Shima was so deflated and depressed by the disappointment that the words of his grandfather flashed through her mind. “Ah, le pauvre petit. He will never be able to cope with the hard knocks.”

She tried to comfort him. “Maybe we are, Blaise. Maybe it’s there, only I haven’t spotted it yet. I’m going back to the hive.”

“Will they let you?” he asked indifferently.

“They invited me. I’ve been accepted.”

“D’you actually want to waste your time?”

“As a matter of fact, I do, for two reasons—I must and I want to.”

“Must?”

“Psytech is bugging me, Blaise. My gut is sending up signals that there may be some sort of rotten construct deep down inside these women.”

Shima’s interest kindled. “As rotten as our Golem-Hundred-Hander-Thing?”

“Maybe. I don’t know. That’s what I must find out.”

“Hmmm. And you said you want to?”

“Yes. I really like them, Blaise. On the surface they’re all characters; funny, different, refreshing.”

“All except Ms. Ipanema,” he said gloomily.

“Maybe she isn’t to a schnook who used to be in love with her and keeps the memory locked in a drawer, but women see each other differently. She’s a delicious caricature.”

“Sure, of humanity.”

“No, Nellie’s human, all right; she’s just the schoolgirl’s idea of the femme fatale.” Gretchen did a lightning pastiche of Ildefonsa’s rattle-rattle undulations.

Shima laughed. “But I always thought that type had to be tall, dark, and handsome… like the Yenta Calienta number you described.”

“No way. She’s a dyke.”

“Then what about the actress-manquée? Passionate, you said, with burning blue eyes.”

“Sarah Heartburn. Strictly for laughs. You can’t be a clown and be fatal.”

“The black-and-white twins who look like a pair of succulent Greek slaves?”

Oodgedye and Udgedye. Too cold-blooded and stubborn. They’re always dissenting and objecting and refusing and recusing.”

“And switching.”

“Miss Priss lisps and stammers. Very fetching, but the Alice in Wonderland bit is far from fatal. Mary Mixup’s just a darling dumb bunny.”

“That’s the one with fair hair like a helmet and a dancer’s bod?”

“Uh-huh. You’ve got to have a mind to make a man fall down in a dead faint.”

“Regina has a mind.”

“Too dignified and stately.”

“You said she gave you a wink.”

“Oh, she has a sense of humor but it’s evah sew refayned. I’m not putting her down. She’s a gracious and generous queen, and she’s madly in love with Lord Nelson.”

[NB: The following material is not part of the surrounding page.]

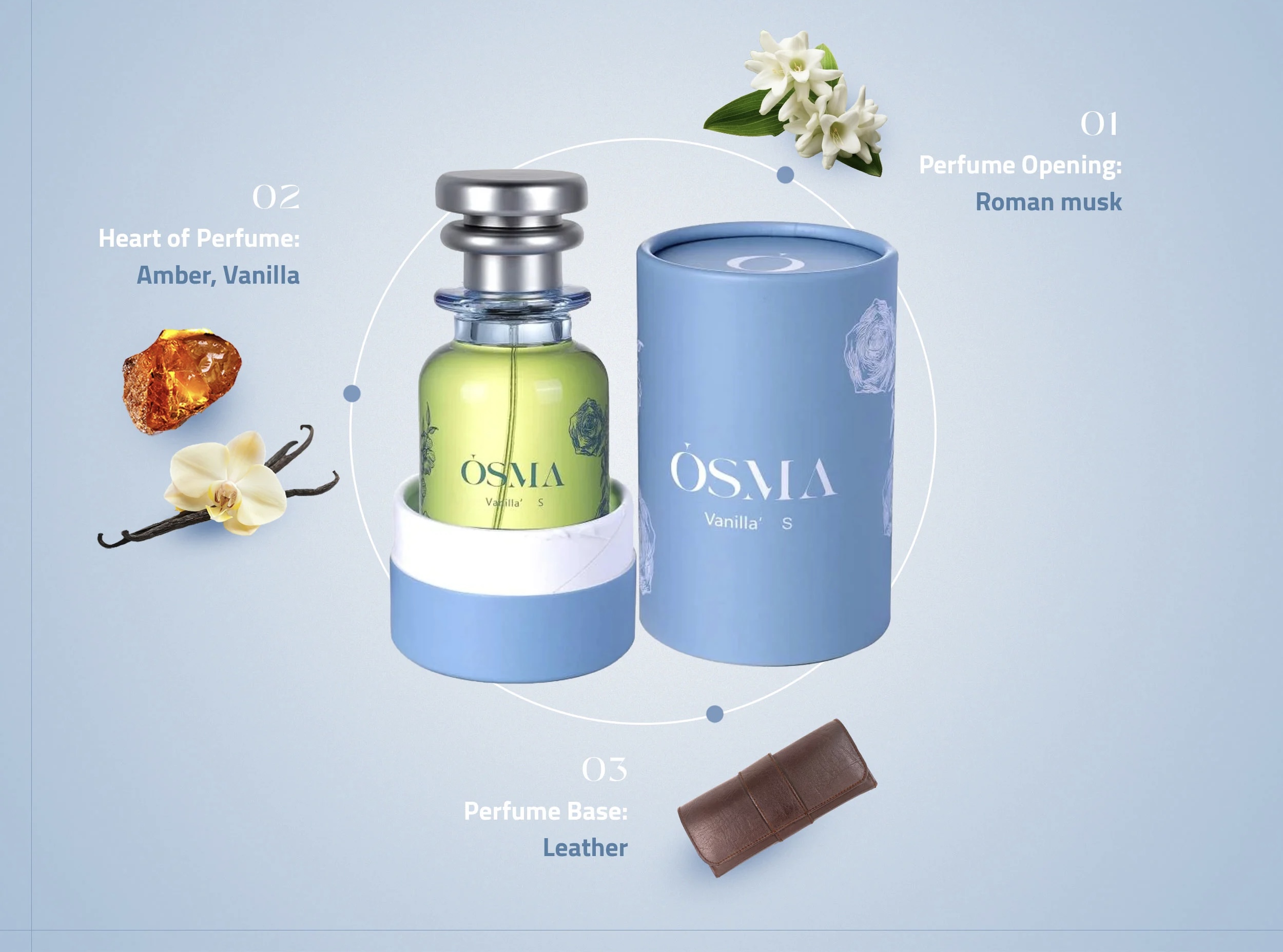 Découvrez l’élégance et l’attrait de Vanilla S by Osma, un parfum qui allie sophistication et charme dans un seul flacon complet.
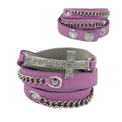 38-13032802 LEATHER CROSS BRACELET PURPL

“Lord… ? Oh. The admiral.”

“Horatio, Lord Nelson. He had a wild thing with Lady Hamilton which was a scan. mag. in the seventeen-hundreds. Regina spent an hour reading me Nelson’s love letters to Emma Hamilton.”

“And the pie-faced slavey is out?”

“Absolutely. Now what is all this, Blaise? You couldn’t possibly be interested in the construct of a femme fatale.”

“Just curious about the hive, is all.”

“The hell you’re just curious. Come on, man.”

“You see through me as usual.”

“You’re transparent.”

“I was feeling out the possibility that one of the bee-ladies might have an outside connection with Guff gorills.”

“I see. Yes, one might.”

“Who? Pi?”

“No. Me.”

“You!”

“Sure. I’m a bee-lady now, and I keep pretty rotten, low-down company in my business.”

“Like me?”

“Like Mr. Wish.”

Shima took a deep breath, held it, then let it out in a grunt. “I wish you wouldn’t joke about that.”

“All right, no more funnies, but we can’t escape the fact that there’s a damned incomprehensible network that’s got us all twisted up in it; you, me, Mr. Wish, goons, Promethium, Ind’dni, the beehive, and Golem100.”

“Golem-one-hundred? Why d’you call it that?”

“Because it seems to be a polymorph and can assume a hundred different forms.”

Shima sighed. “I wish we could take off for Mars, Mother of Men.”

“If you want to run away from the hard knocks, baby, why not Venus, also a very far planet?”

Ah, le pauvre petit? Yes, you’re right,” Shima acknowledged with a wry smile. He pulled himself together. “So what’s our plan of op.? You go back to the hive for more witchcraft, yes? And I? Ich? Moi?”

“You get cozy with Subadar Ind’dni.”

“Oh I do, do I? Like why?”

“Like for data. I want to find out whether there’s any sort of connection between the hive séances and the Golem100 atrocities. In time. In space. Even the most doubtful link. Oh, and keep that Pm jazz in your lab under lock and key. And install burglar alarms.”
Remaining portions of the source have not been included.